Degree-Ordered-Percolation on uncorrelated networks

TL;DR

This paper studies Degree-Ordered Percolation (DOP), where nodes are occupied in degree-descending order, revealing how the percolation threshold and critical properties depend on network heterogeneity, especially in power-law networks.

Contribution

It provides analytical and numerical analysis of DOP on uncorrelated networks, highlighting the dependence of percolation thresholds and critical exponents on degree distribution exponent γ.

Findings

Percolation threshold vanishes for γ ≤ 3 in large networks.

Finite but very small thresholds for 3 < γ < 4, with significant preasymptotic effects.

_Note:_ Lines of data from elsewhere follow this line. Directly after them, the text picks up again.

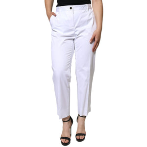 Dolce & Gabbana White Cotton Mid Waist Tapered Denim Jeans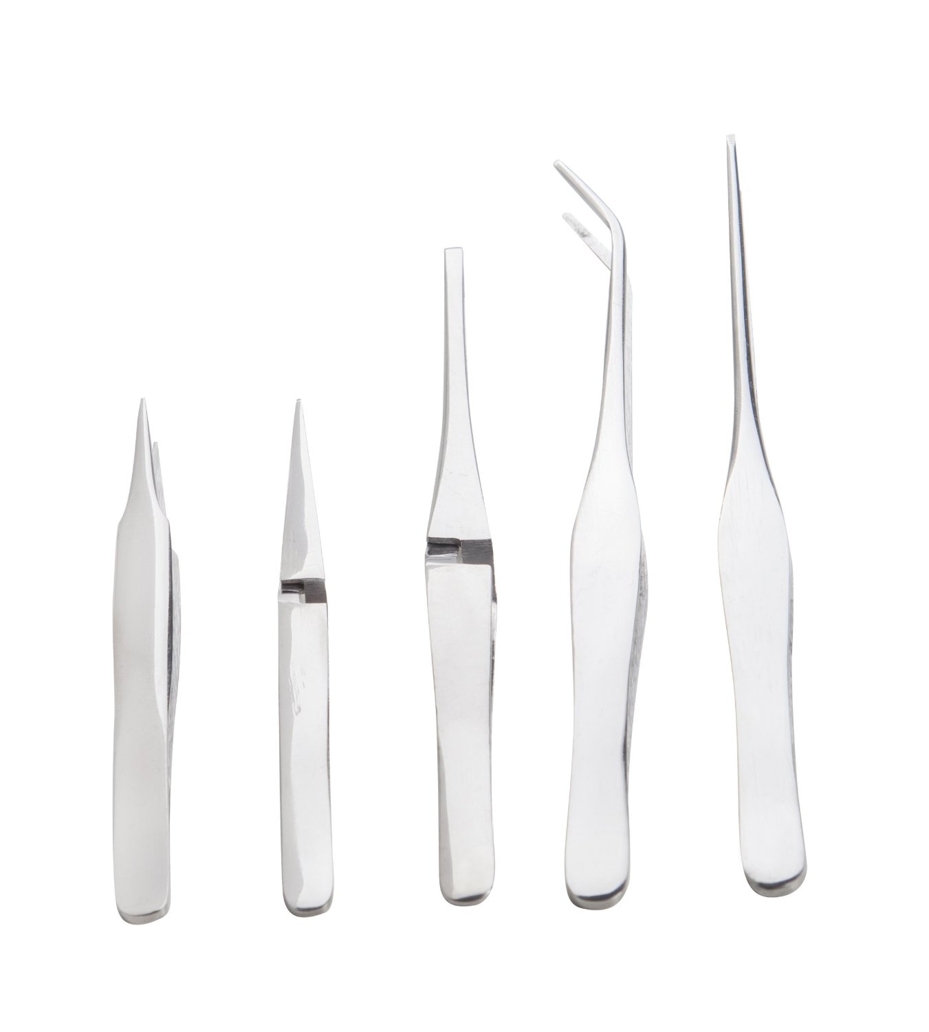 Reach in and get a grip with the STEELMAN 05625 5-Piece Utility and Precision Tweezer Set. Constructed of durable and easy to clean stainless steel this set contains a range of tip and closure styles to help you with a wide variety of precision tasks. Set includes four straight pairs including 7-inch sharp, pointed tip utility,7-inch self-closing heat resistant flat nose, 4.5-inch self-closing sharp point, and 4.5-inch sharp point. Set also includes a specialty tip pair of 7-inch angled utility tweezers with rounded tips. To keep everything organized between uses the kit comes in a convenient vinyl storage pouch. So whether you’re working on a model railroad / ship, doing lab work, or soldering wires and electronics, this kit has a pair that’s perfect for your needs.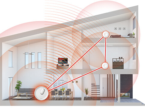 そこで、業界が取り組み始めているのが “メッシュネットワーク”。相互に通信する複数台のWi-Fiルーターと中継機を設置して、「網目(メッシュ)状」にネットワークを構築していき、途中に電波の弱い箇所がないよう、通信経路を自動で最適化し、面でカバーしていく考え方だ。

DOP does not belong to the universality class of random percolation for γ ≤ 3.

Abstract

We analyze the properties of Degree-Ordered Percolation (DOP), a model in which the nodes of a network are occupied in degree-descending order. This rule is the opposite of the much studied degree-ascending protocol, used to investigate resilience of networks under intentional attack, and has received limited attention so far. The interest in DOP is also motivated by its connection with the Susceptible-Infected-Susceptible (SIS) model for epidemic spreading, since a variation of DOP is related to the vanishing of the SIS transition for random power-law degree-distributed networks $P(k) \sim k^{-\gamma}$. By using the generating function formalism, we investigate the behavior of the DOP model on networks with generic value of $\gamma$ and we validate the analytical results by means of numerical simulations. We find that the percolation threshold vanishes in the limit of large networks for $\gamma \le 3$, while it is finite for $\gamma>3$, although its value for $\gamma$ between 3 and 4 is exceedingly small and preasymptotic effects are huge. We also derive the critical properties of the DOP transition, in particular how the exponents depend on the heterogeneity of the network, determining that DOP does not belong to the universality class of random percolation for $\gamma \le 3$.